Hawk: Harnessing Hardware-Aware Knowledge for High-Performance NPU Kernel Generation
作者: Junyi Wen, Ruiyan Zhuang, Yongjia Xu, Pengtu Li, Rui Zou, Hongyi Chen, Chingman Wan, Puxu Yang, Wuhui Chen, Yanlin Wang
分类: cs.AI, cs.SE
发布日期: 2026-07-05
💡 一句话要点
提出Hawk框架以解决NPU内核生成中的硬件约束问题
🎯 匹配领域: 支柱二:RL算法与架构 (RL & Architecture) 支柱九:具身大模型 (Embodied Foundation Models)
关键词: 神经处理单元 内核生成 硬件感知 知识蒸馏 性能优化 深度学习 自动化
📋 核心要点
- 现有方法在NPU内核生成中面临硬件约束和内存层次结构的挑战,导致性能下降和运行时崩溃。
- Hawk框架通过运行时知识合成、瓶颈感知知识检索和效果驱动知识蒸馏三大模块,提供了一种无训练的解决方案。
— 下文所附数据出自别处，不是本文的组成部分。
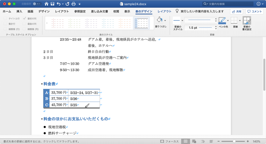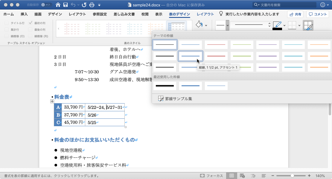 表内にカーソルを移動し、[表のデザイン]タブをクリックして、[罫線]グループからペンのスタイル、ペンの太さ、ペンの色を指定すると、そのペンの設定で表の罫線に適用することが可能です。ここでは、罫線のスタイル一覧から表の罫線を適用する方法について説明します。
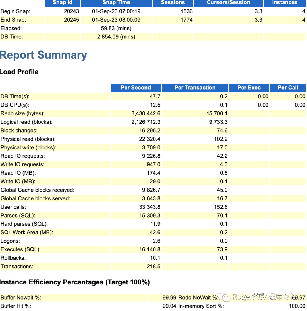我们可以看到这个客户的核心Oracle RAC是4节点集群,单节点高峰SQL每秒执行量是16000左右,每秒逻辑读诗16G左右,此时buffer cache命中率在99%,算是一个比较不错的数据。同时物理读每秒大概是174MB.而该实例的buffer cache实际大小设置是200GB,也就是说每秒的逻辑读大小小于Buffer cache size的1/10;每秒物理读IO 大约是Buffer cache大小0.01%左右。当然这里客户的机器配置相对较高,所以配置相对略大一些,其次是考拉到了4节点集群,如果某些节点出现故障,那么压力会转移到存活节点,此时对硬件资源要求就高一些。

- 实验证明Hawk在真实NPU工作负载下,生成准确率显著提高,并实现了执行速度的显著提升。
📝 摘要(中文)
开发高性能的神经处理单元(NPU)内核是工业界的一大瓶颈,开发者需手动应对隐含的硬件约束和严格的内存层次结构。尽管大型语言模型具有巨大的自动化潜力,但由于缺乏特定硬件的先验知识,它们在NPU上表现不佳。为了解决这一问题,本文提出了Hawk框架,通过三个核心模块有效利用硬件感知知识。实验证明,Hawk将生成准确率从49.4%提升至80.0%,并在执行速度上较最先进的基线实现了最高2.2倍的加速。
🔬 方法详解
问题定义:本文旨在解决NPU内核生成中的硬件约束问题,现有方法常常因缺乏硬件特定知识而导致性能下降和运行时错误。
核心思路:Hawk框架通过结合硬件感知知识,避免了简单代码移植带来的问题,提供了一种系统化的内核生成方法。
技术框架:Hawk框架包含三个主要模块:运行时知识合成模块、瓶颈感知知识检索模块和效果驱动知识蒸馏模块,形成一个闭环反馈机制。
关键创新:Hawk的核心创新在于采用了三重可执行知识表示,能够将错误上下文与可执行语义内在结合,显著提升生成内核的准确性。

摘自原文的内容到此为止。